Department of Radiation Oncology, Massachusetts General Hospital and Harvard Medical School, Boston, MA 02114, USA.
Phys Med Biol. 2012 Jun 7;57(11):3281-93. doi: 10.1088/0031-9155/57/11/3281. Epub 2012 May 9.
A key task within all Monte Carlo particle transport codes is 'navigation', the calculation to determine at each particle step what volume the particle may be leaving and what volume the particle may be entering. Navigation should be optimized to the specific geometry at hand. For patient dose calculation, this geometry generally involves voxelized computed tomography (CT) data. We investigated the efficiency of navigation algorithms on currently available voxel geometry parameterizations in the Monte Carlo simulation package Geant4: G4VPVParameterisation, G4VNestedParameterisation and G4PhantomParameterisation, the last with and without boundary skipping, a method where neighboring voxels with the same Hounsfield unit are combined into one larger voxel. A fourth parameterization approach (MGHParameterization), developed in-house before the latter two parameterizations became available in Geant4, was also included in this study. All simulations were performed using TOPAS, a tool for particle simulations layered on top of Geant4. Runtime comparisons were made on three distinct patient CT data sets: a head and neck, a liver and a prostate patient. We included an additional version of these three patients where all voxels, including the air voxels outside of the patient, were uniformly set to water in the runtime study. The G4VPVParameterisation offers two optimization options. One option has a 60-150 times slower simulation speed. The other is compatible in speed but requires 15-19 times more memory compared to the other parameterizations. We found the average CPU time used for the simulation relative to G4VNestedParameterisation to be 1.014 for G4PhantomParameterisation without boundary skipping and 1.015 for MGHParameterization. The average runtime ratio for G4PhantomParameterisation with and without boundary skipping for our heterogeneous data was equal to 0.97: 1. The calculated dose distributions agreed with the reference distribution for all but the G4PhantomParameterisation with boundary skipping for the head and neck patient. The maximum memory usage ranged from 0.8 to 1.8 GB depending on the CT volume independent of parameterizations, except for the 15-19 times greater memory usage with the G4VPVParameterisation when using the option with a higher simulation speed. The G4VNestedParameterisation was selected as the preferred choice for the patient geometries and treatment plans studied.

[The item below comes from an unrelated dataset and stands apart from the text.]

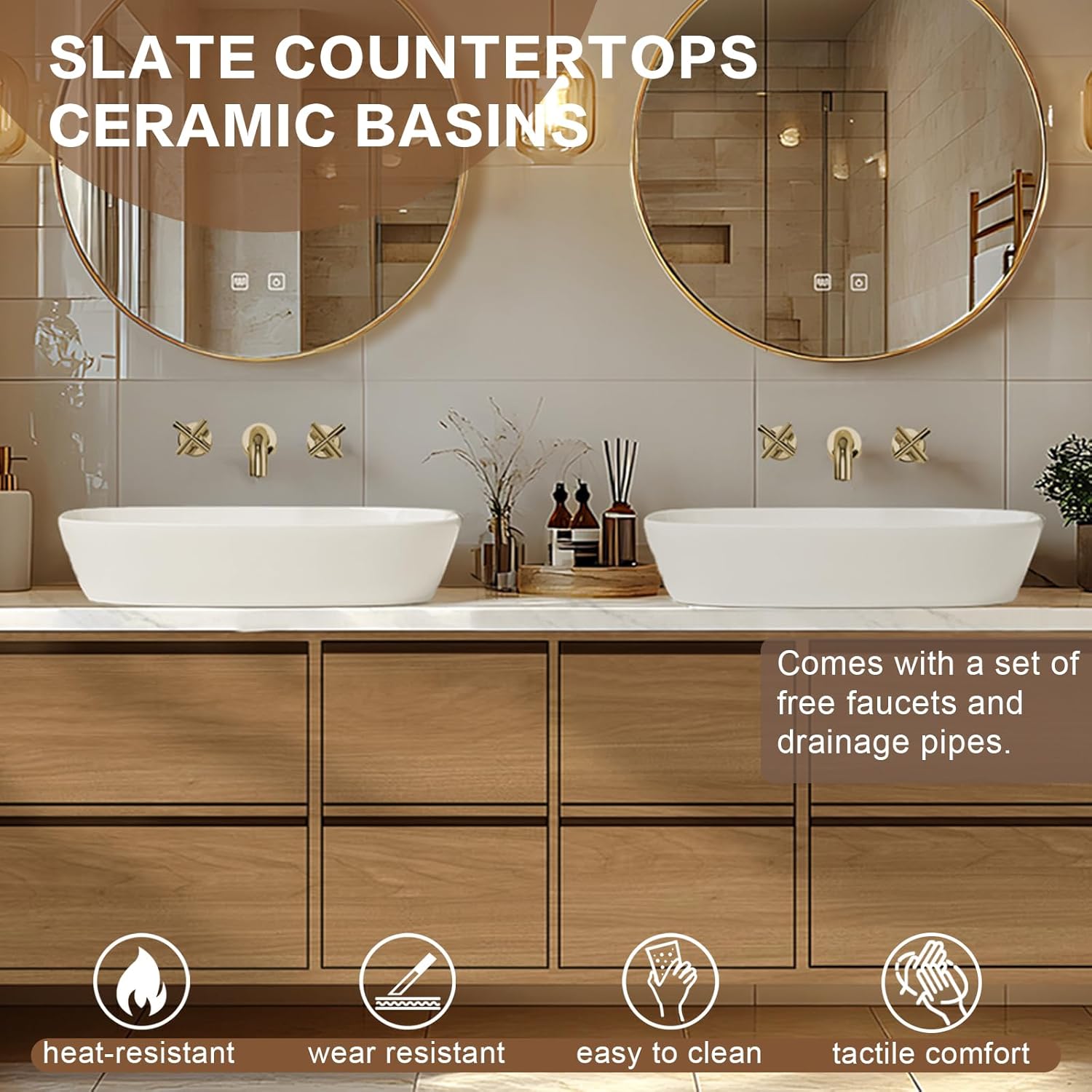 Carefully Selected Materials: The countertop is made of rock slab with double ceramic sinks, which is not only smooth and easy to clean but also has a premium texture. The cabinet at the bottom is made of solid wood, combining beauty and durability

在所有蒙特卡罗粒子输运代码中,一个关键任务是“导航”,即计算粒子在每一步可能离开的体积和可能进入的体积。导航应该针对当前的特定几何形状进行优化。对于患者剂量计算,这种几何形状通常涉及体素化计算机断层扫描(CT)数据。我们研究了在蒙特卡罗模拟包 Geant4 中当前可用的体素几何参数化的导航算法的效率:G4VPVParameterisation、G4VNestedParameterisation 和 G4PhantomParameterisation,最后一个带有和不带有边界跳过,这是一种将具有相同亨氏单位的相邻体素组合成一个更大体素的方法。在 Geant4 中可用的后两种参数化方法之前,我们还开发了第四种参数化方法(MGHParameterization),也包括在本研究中。所有模拟都是使用 TOPAS 进行的,TOPAS 是一个位于 Geant4 之上的粒子模拟工具。在三个不同的患者 CT 数据集上进行了运行时比较:头部和颈部、肝脏和前列腺患者。我们还包括了这些三个患者的一个附加版本,其中所有体素,包括患者外部的空气体素,在运行时研究中都均匀地设置为水。G4VPVParameterisation 提供了两种优化选项。一种选项的模拟速度慢 60-150 倍。另一种选项在速度上兼容,但与其他参数化相比,需要 15-19 倍的内存。我们发现,相对于 G4VNestedParameterisation,模拟使用的平均 CPU 时间对于没有边界跳过的 G4PhantomParameterisation 为 1.014,对于 MGHParameterization 为 1.015。对于我们的异构数据,G4PhantomParameterisation 有和没有边界跳过的平均运行时比率相等,为 0.97:1。除了头部和颈部患者的 G4PhantomParameterisation 带有边界跳过的情况外,所有患者的计算剂量分布都与参考分布一致。最大内存使用量范围为 0.8 到 1.8GB,与 CT 体积无关,除了使用更高模拟速度选项时 G4VPVParameterisation 的 15-19 倍更大内存使用量。G4VNestedParameterisation 被选为研究的患者几何形状和治疗计划的首选。